Saw this on TW's site


----------



## BIG FINN (Jul 14, 2009)

took him awhile to land it, dont be scared of the bass jjuss yankem in the boat  Them dudes on the tandem are a motley crew hahaha


----------



## sand flea (Oct 24, 1999)

Love that camera mount. Captures the action well.


----------



## Drumdum (Jan 6, 2003)

sand flea said:


> Love that camera mount.

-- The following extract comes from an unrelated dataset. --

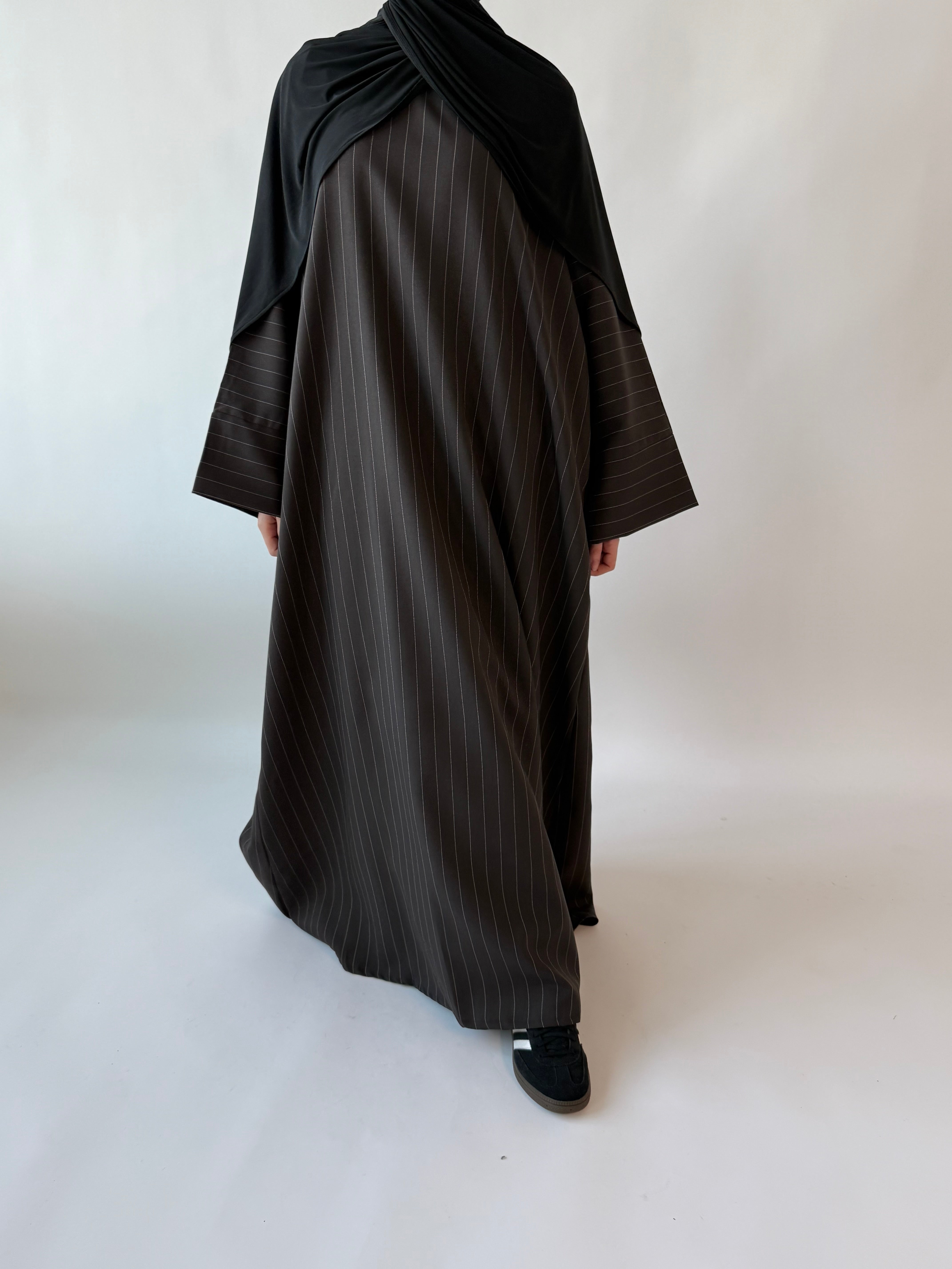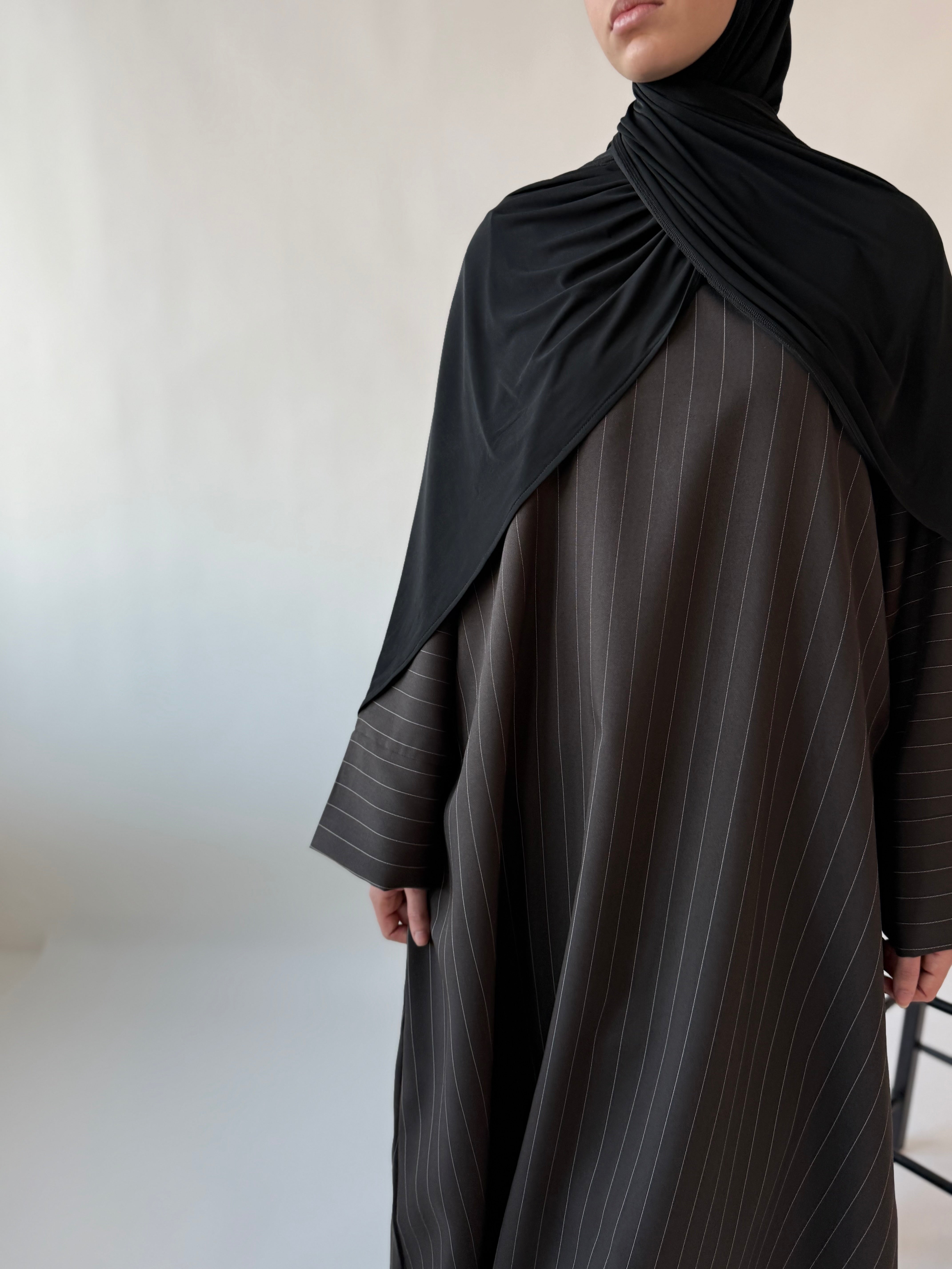 Our Walnut Stripe abayah offers sophistication and style when you dress the winter. Its pinstripe pattern provides a perfect outfit not only for work and office use, but also great for occasions.
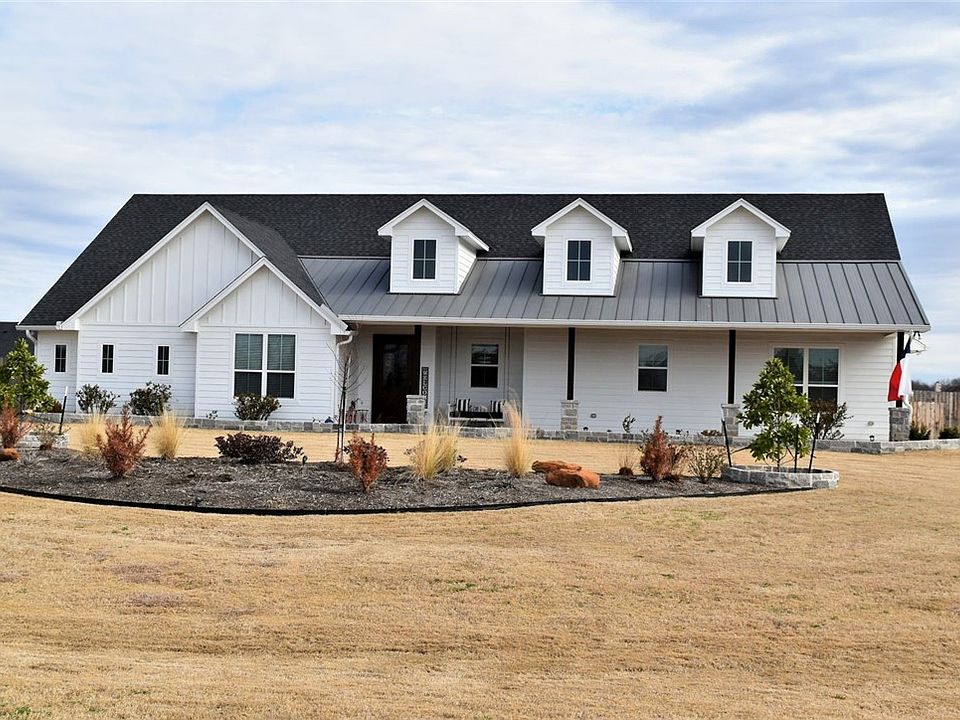 Executive farmhouse style home built by John Finn in 2019 is a spectacular 4/3.5 ranch home nestled in the desirable Austin Colony community! The well-designed open floor plan is ideal for families & entertaining as it is all arranged around the heart of the home. The isolated master bd/bath, a large living room with beautiful wooden beam coffered ceilings, easy care tile flooring, built in cabinetry with floating shelves surround the fireplace with plenty of natural light and a surround sound for easy entertaining. The gorgeous kitchen highlights granite counters, a large island with seating areas, electric cooktop, & a large breakfast area. The primary bedroom has ample space to accommodate a king size bed and the wooden barn doors open to a wooden ceiling and beams show casing the free standing bathtub. Dual vanities with ample counters and cabinets, a large walk-in shower, a walk in closet with built in shelves with an island closet is located next to the laundry room for convenience. An oversized 2-car garage. The .80 acre is completely fenced with a covered patio, a pergola with an automatic yard irrigation system. The backyard provides enough room for Fido, various outdoor activities or even the possibility of a pool. The home is perfectly situated in a gated community with easy access to China Spring Road, minutes from local restaurants & the highly rated China Spring Schools. Check out the virtual tour: https://my.matterport.com/show/?m=2Kn1dbme6hX&mls=1

Captures the action well.


 That's the first thing I thought when I saw it,you cover the action MUCH BETTER with it.. Kinda handsfree mode.... Fishin in a yak,believe I'd use single hook jigs,and stay away from the trebles though...


----------



## straps57 (Nov 19, 2008)

If you like that one check this out.


----------



## moby dick (Jan 5, 2007)

Now that would suck a ride like that and then nothing.


----------



## RuddeDogg (Mar 20, 2004)

Awesome videos............


----------



## barnabus (Apr 23, 2010)

awesome video but that music makes the video hard to watch!


----------



## moby dick (Jan 5, 2007)

ARE these guys still going out or do you know who they are.Whoever they are great vid. guy and watch those hooks.


----------



## Too Busy (Sep 7, 2007)

Good to be dressed for cold, bad idea to be out without PFD's


----------



## 757 Fire (Jan 22, 2010)

That reel took a long dip in the water, bet it was a pain to clean. Nice view though.


----------



## 757 Fire (Jan 22, 2010)

straps57 said:


> If you like that one check this out.


Turn off the Dam clicker!!!!!!


----------